Gepubliceerd op:

Met de Wet bijzondere maatregelen grootstedelijke problematiek (Wbmgp) kunnen gemeenten in gebieden waar de leefbaarheid en veiligheid onder druk staan huurwoningen selectief toewijzen. Woningzoekenden kunnen geweigerd worden op basis van de aard van hun inkomen of crimineel of overlastgevend gedrag in het verleden, of juist voorrang krijgen op basis van sociaaleconomische kenmerken.

Om de vijf jaar wordt de Wbmgp geëvalueerd. RIGO voerde deze keer de landelijke evaluatie uit op basis van lokale evaluaties van gemeenten en interviews onder professionals en ervaringsdeskundigen, afgenomen door de Rijksdienst voor Ondernemend Nederland. Ten tijde van de evaluatie pasten tien gemeenten de wet toe: Capelle aan den IJssel, Den Bosch, Dordrecht, Nijmegen, Nissewaard (geen deel van de evaluatie), Schiedam, Rotterdam, Tilburg, Vlaardingen en Zaanstad.

Effecten moeilijk te meten, maar gemeenten zijn positief

Uit de evaluatie blijkt dat woningzoekenden in de praktijk zelden geweigerd worden op basis van inkomensvoorwaarden of overlastgevend of crimineel gedrag. Maar volgens de gemeenten en andere betrokkenen is hier sprake van een preventief effect: als woningzoekenden vermoeden dat ze in een bepaald gebied geen kans maken, reageren ze bij voorbaat niet. Bij het geven van voorrang is wel een directe uitwerking te zien op de instroom van nieuwe huurders; vanwege de schaarste aan huurwoningen zijn er bijna altijd kandidaten die voorrang krijgen.

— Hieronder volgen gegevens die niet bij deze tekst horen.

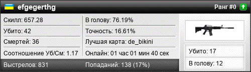 de_dust2 | 7 | 1.17 | 0.66 | 1 | 9 | 00:10:40 | 12.11.2022 |
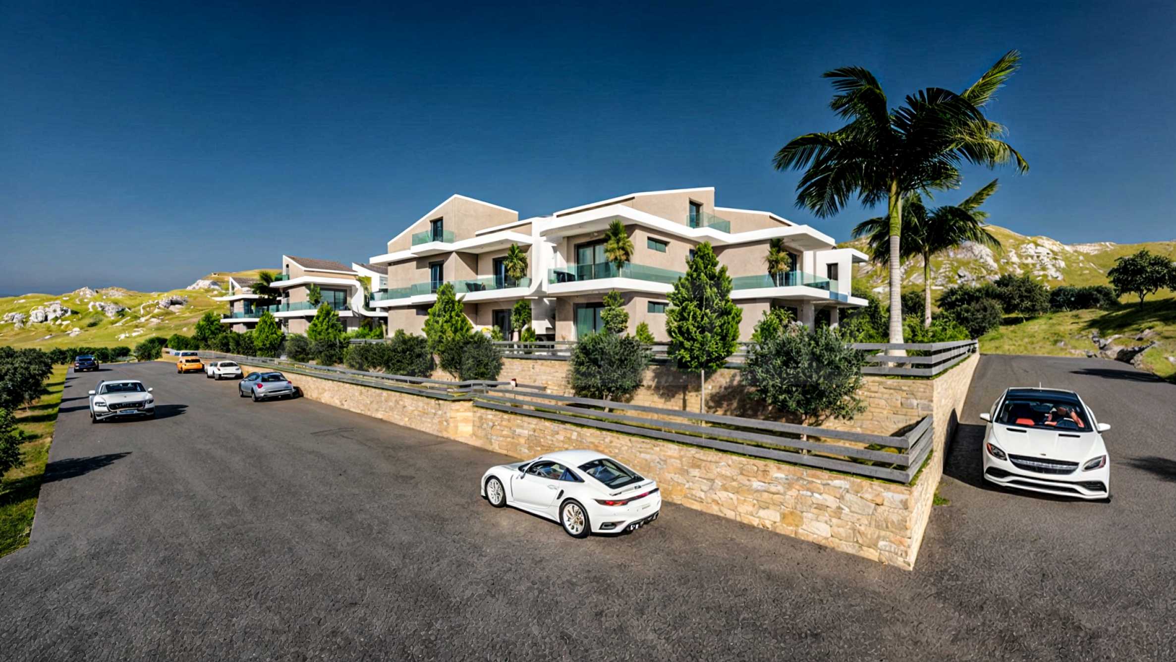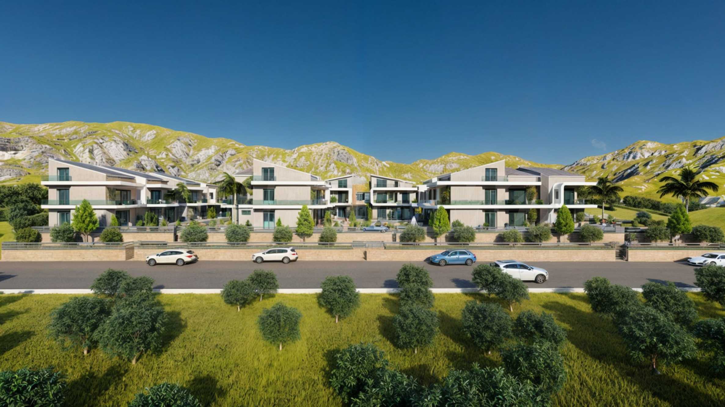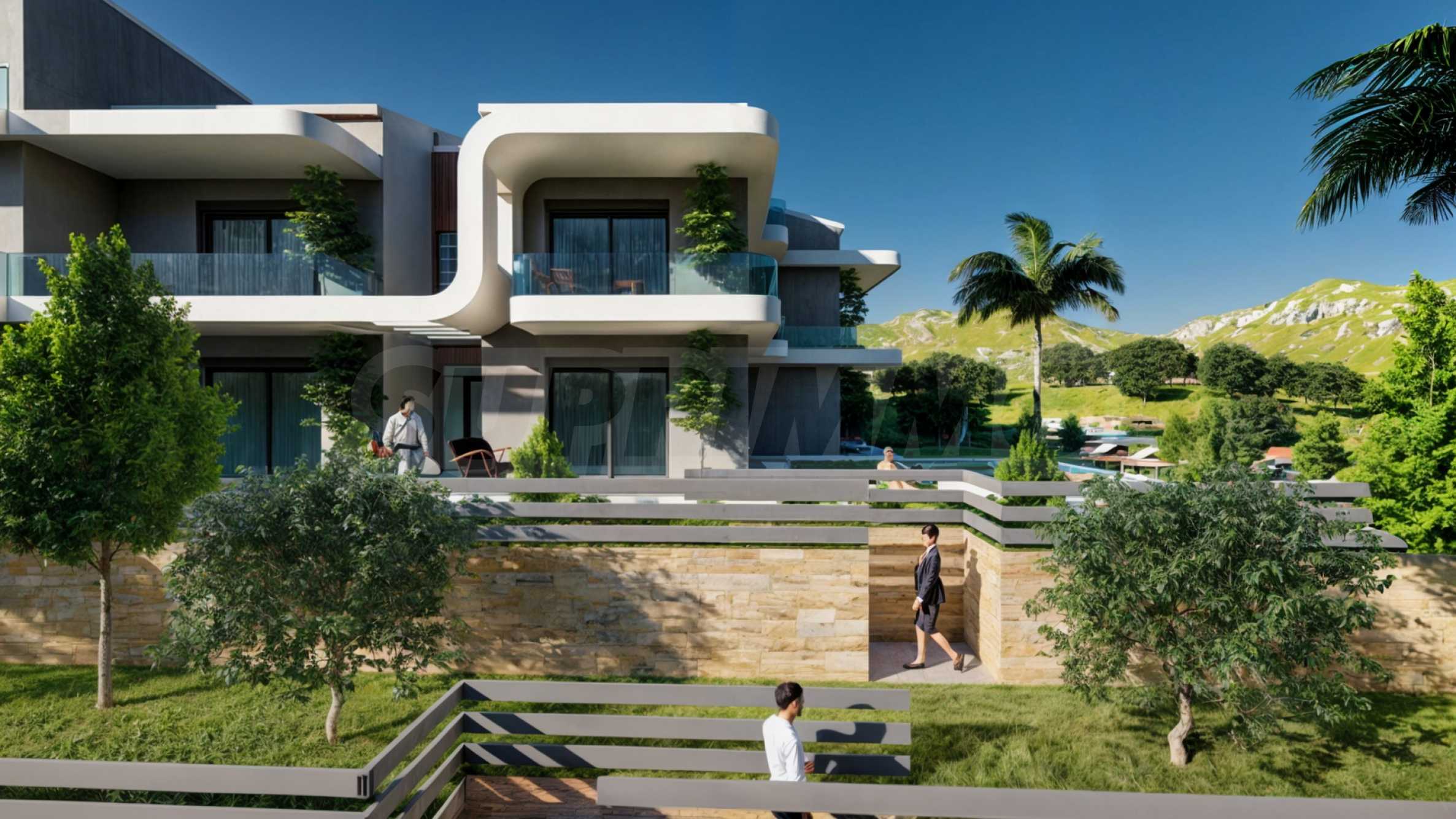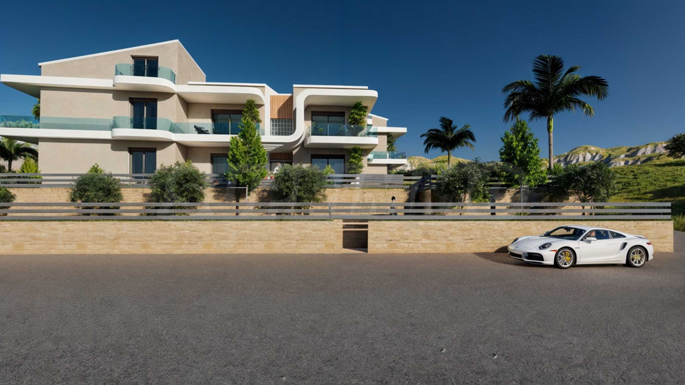 Комплекс расположен примерно в 300 метрах от пляжа, у подножия скал острова, покрытых сосновыми рощами. Это гарантирует жителям спокойную обстановку с чистым и свежим воздухом. «Панорама» состоит из 9 домов в два или три этажа и 32 уютных апартаментов с современной эстетикой и лаконичными линиями. Дворы зданий украшены зеленью, а большие бассейны предоставляют возможность для бесчисленных моментов полного расслабления в кругу близких.
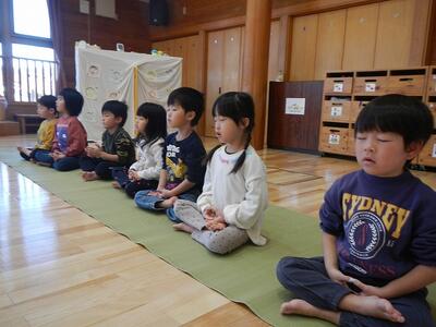 今日は、坐禅をしました。これまでは、たんぽぽ組だけで坐禅をしてきましたが、今回からちゅうりっぷ組さんも一緒に坐禅をすることになり、たんぽぽさんがお手本になって頑張ってくれました。
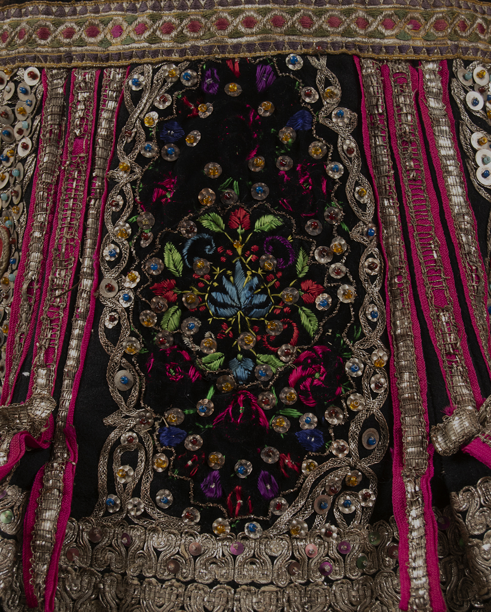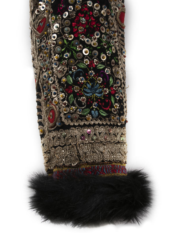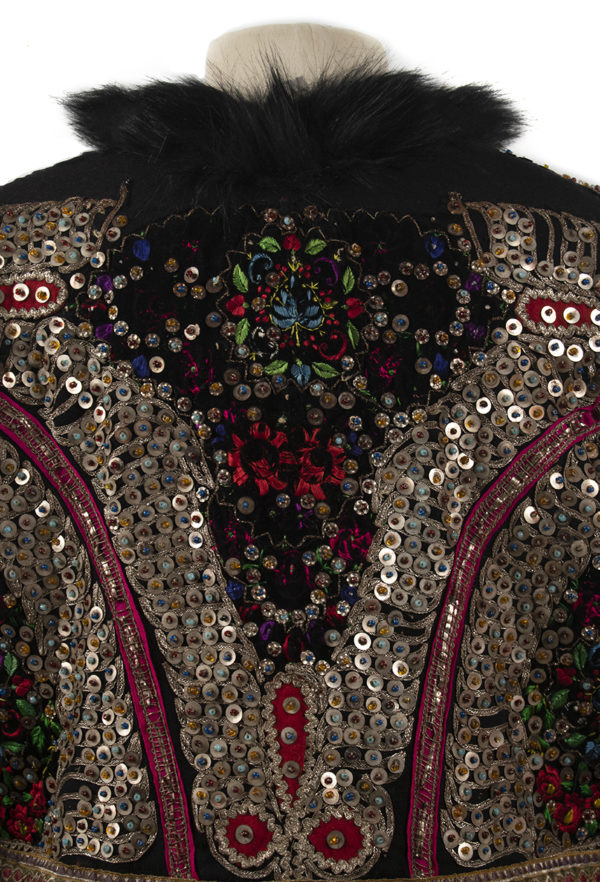 Material: Wool with silk embroidery, metallic thread, sequins, faux fur, and glass beads

‘Van dweilen met de kraan open naar met de kraan dicht,’ aldus een professional

Wat de precieze effecten van de Wbmgp zijn voor de leefbaarheid in de aangewezen straat, buurt of wijk is lastig te kwantificeren. Enerzijds komt dit doordat de inzet steevast deel uitmaakt van een brede aanpak met allerlei andere maatregelen. Anderzijds doordat de doelen die gemeenten voor ogen hebben kwesties van de lange adem zijn, en niet oplosbaar binnen één termijn van de gebiedsaanwijzing. Toch zijn gemeenten en professionals over het algemeen positief over de werking van de Wbmgp. ‘Van dweilen met de kraan open naar met de kraan dicht,’ aldus een professional. Ook onder bewoners bestaat over het algemeen draagvlak.

Aanbevelingen

Op basis van onze bevindingen formuleerden we drie aanbevelingen:

  1. De huidige termijn van vier jaar blijkt te kort voor de problemen waar gemeenten zich op richten. Het is daarom aan te bevelen om de termijn van een gebiedsaanwijzing van vier jaar naar zes of acht jaar te verlengen, zonder dat de totale termijn van de inzet (maximaal twintig) wordt verlengd.
  2. Het geven van voorrang aan bepaalde groepen blijkt een grote invloed te hebben op de huisvestingsmogelijkheden van andere woningzoekenden. RIGO raadt daarom aan om de provincie advies te laten uitbrengen over de proportionaliteit van deze maatregel, zoals nu al gebeurt bij het weigeren van bepaalde woningzoekenden.
  3. Gemeenten meten de effecten van de Wbmgp op verschillende manieren. Door het aanreiken van een gestandaardiseerde meetmethode kunnen de effecten van de wet beter ingeschat worden.